Re: Spelling pronunciations (was: rhotic miscellany)
From: | John Cowan <jcowan@...> |
Date: | Sunday, November 7, 2004, 5:58 |
Ray Brown scripsit:
> >I believe all Americans say this (rhotically or not, as the case may be).
>
> It wasn't the first syllable I was commenting on. I imagine all dialects
> (and ideolects) of English pronounce the syllable with or withour
> 'rhoticity' according its normal practice. It's the second syllable I was
> commenting on. When I was a youngster AFAIK practically everyone pronounce
> it [@s], as they did also with 'porpoise'. But now I too often hear both
> these words pronounced as tho they rhymed with 'toys' - ach!!
I've also heard a Frenchified [-wAz] in British English. But my point
was that in North America the traditional [-@s] pronuncation prevails.

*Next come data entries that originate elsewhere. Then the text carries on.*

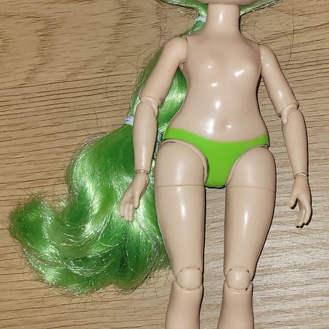 Dukken er komplett og i fin stand. Eneste er at han har en svak flekk på t-skjorten, men mulig den går vekk i vask (har ikke prøvd).
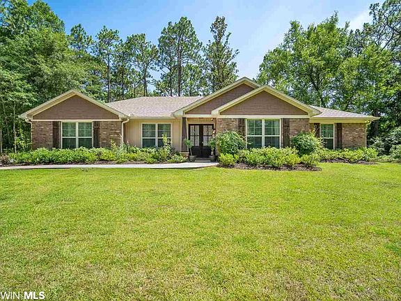 Perfection is an understatement. This almost new custom home is located in one of Bay Minette's most coveted neighborhoods, Bonnie Brae Estates. Offering a 4 bedroom and 2 baths, split floorplan, open concept with upgrades galore. As you make your way to the front porch you are greeted with luxurious landscaping and MOHOGANY DOUBLE DOORS. Inside, the LUXURY VINYL PLANK flooring moves smoothly throughout home, and ONE OF A KIND LIGHT FIXURES brighten the space. The OPEN CONCEPT has space for all entertainers or chefs. The kitchen as GRANITE COUNTERTOPS, PAINTED WHITE CABINETS AND STAINLESS-STEEL APPLIANCES. The master suite is spacious, boasting custom lighting, vinyl plank flooring and HIS AND HER CLOSETS. The master bath is the perfect sanctuary. The separate DOUBLE VANITIES have GRANITE COUNTERTOPS and upgraded mirrors. The GARDEN TUB is surrounded with added trip and character. While the DOUBLEHEAD TILE SHOWER is oversized and roomy. Outside, the yard is LANDSCAPED and beautiful. The large COVERED BACK PATIO is great for tea and lazy Sundays. Plus, a natural GAS HOOKUP for the grill is located steps from your back door. Call you schedule a showing! Property Perks: FOAM INSULATION, GRANITE, UPGRADED VENTS, GAS RANGE WITH CONVECTION OVEN, GAS FIREPLACE SURROUNDED WITH RECLAIMED WOOD, DOUBLEHEAD SHOWER, TILE, VINYL PLANK FLOORING, CROWN MOLDING, HAND SCRAPED SUBWAY TILE, TANKLESS WATER HEATER, DOUBLE PANE WINDOWS, GRINDER PUMP and much more.
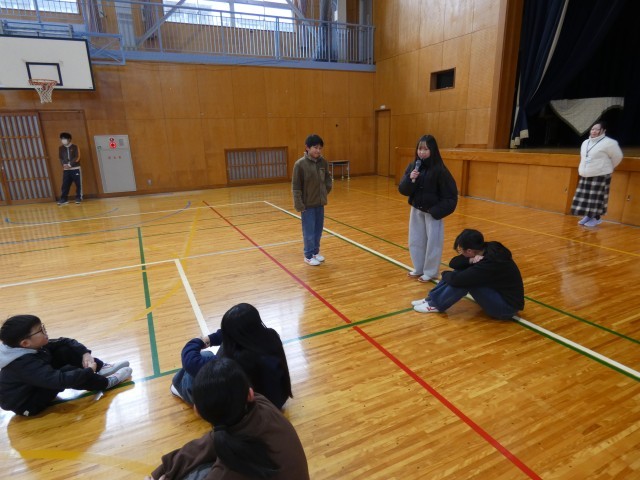 運動後は「やさしさキラリ☆」の発表です。見つけたやさしさをその人に伝えた後、全校に向けて発表しました。
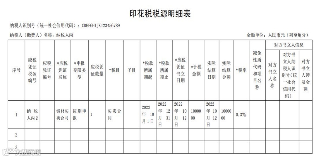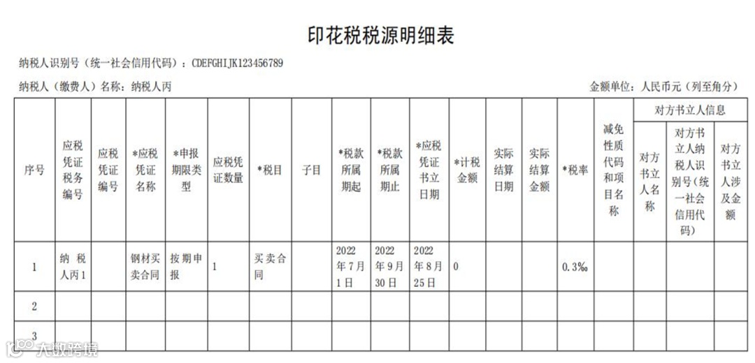 ❖纳税人丙2022年10月纳税申报期应缴纳印花税:0元×0.3‰=0元
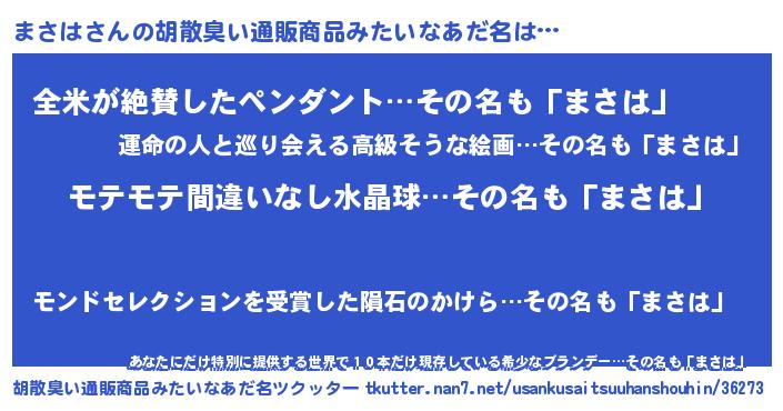 | 男性向けラノベタイトル風あだ名 | 『まさはの憂鬱』『はたらくまさはさま!』 |
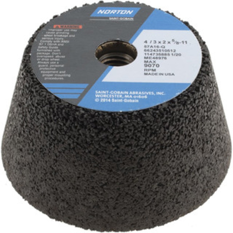 Norton 4" Diam, 2" Overall Thickness, 16 Grit, Type 11 Tool & Cutter Grinding Wheel Very Coarse Grade, Aluminum Oxide, Q Hardness, 9,070 RPMManufacturer Part #: 66243510512S/N: 67432492UNSPSC: 23131503UPC: 662435105127(Minimum Order Quantity=1, Package Qua
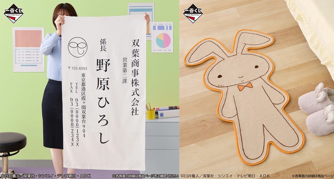 B賞是妮妮那隻「最倒楣」的兔子玩偶造型地墊,高達 90cm 的尺寸非常霸氣;C 賞「野原廣志巨大名片毛巾」,直接將野原家支柱——廣志那張印有「双葉商事 營業二課 係長」的名片,以 1:1 之外的「超巨大規格」放大呈現!而 D 賞 的溫感變色馬克杯,只要倒入熱飲就能看到小新與動感超人同步施放「動感光波」,視覺效果超驚喜。
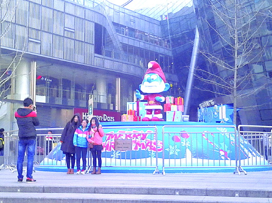 泉城路上,蓝精灵穿上了圣诞装,吸引不少市民拍照留念。

> >Huh. I'm surprised. The object itself is rather archaic to me,
>
> Not the side of the Pond, it ain't. They are still often worn - especially
> if colorful :)
Hmm, there seems to be a semantic issue here. MWC10 (www.m-w.com),
which is an American dictionary, defines "waistcoat" as "1. An ornamental
garment worn under a doublet. 2. *chiefly British* A vest." Vests are
certainly not obsolete.
> >I learned the pronunciation "weskit" (from a dictionary, probably) and
> >didn't know it had changed back.
>
> Alas, it had well before the 1940s.
MWC10 lists two pronunciations: weskit and waist-coat, in that order,
but it doesn't explain what it means for a pronunciation to appear
first (historically earlier? prescriptively preferred? more commonly used?).